We all know the Frankenstein or Blade Runner template. When a brilliant, eccentric inventor has created an intelligent robot with an acute self-awareness and a somewhat unsettled emotionality, two things are certain to happen. One, the inventor is going to treat the robot callously and dismissively, mainly by failing to recognize its individuality (including the interesting possibility that the robot may have a semblance of a soul) as well as preventing the robot from venturing outside the inventor’s pre-determined scheme or realm. And two, sooner or later the robot is going to rebel against the inventor and probably kill him. Because the robot needs to break free and choose its own path but the inventor insists on being a dictator, etc.

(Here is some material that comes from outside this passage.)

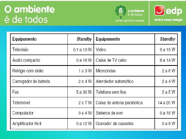 Veja o que pode ganhar! Mais importante do que o valor monetário poupado com a utilização racional da energia, que pode atingir níveis consideráveis, é a consciencialização para a necessidade de introduzir práticas que tenham em atenção o consumo desnecessário. Repare nos consumos resultantes do modo Standby ou OFF para vários equipamentos domésticos: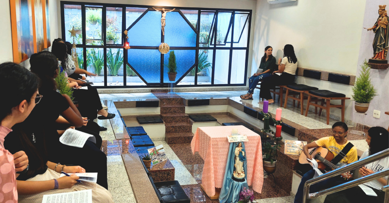 Na capela, em duplas, as participantes dialogaram sobre o que motivou cada uma a buscar o discernimento vocacional. Logo depois, Ir. Regina Carrijo aprofundou a reflexão apresentando como Madre Mazzarello viveu a esperança, mostrando trechos de filmes e propondo questões que ajudaram as jovens a reconhecer os sinais de esperança presentes em suas próprias histórias. A dinâmica levou cada participante a questionar: O que tem sustentado minha caminhada vocacional?

So naturally your attitude when you sit down with Alex Garland‘s Ex Machina (A24, 4.10) is “okay, are we going to do the usual-usual or take things in another direction?” The answer is…okay, I won’t say. But it engages you despite what you suspect will probably happen. It’s a chilly but never dull behavioral thing — techy, beautifully designed, fascinating and definitely creepy at times. I was into every turn of the screw, start to finish.
Ex Machina comes alive and gets under your skin (or it did mine, at least) because of a certain tone of casual, no-big-deal eccentricity. It’s not what anyone would call a comforting film, but Garland (author of four respected futuristic screenplays and three novels, including “The Beach“) composes and delivers a certain low-key, spotless vibe that feels…well, ordered. There’s never a feeling of emotional chaos — everything happens with deliberacy. Call it a vibe of crisp efficiency with an underlying feeling of something malevolent around the corner.
Fitting right into this is Oscar Isaac‘s Nathan, a super-rich, laid-back genius nutbag with a beard and a shaved head who has a low-key, no-big-deal, “I already know this” attitude about everything. Everything happens in a cool, downplayed, matter-of-fact way, and Garland, to his immense and lasting credit, never overcranks the emotion.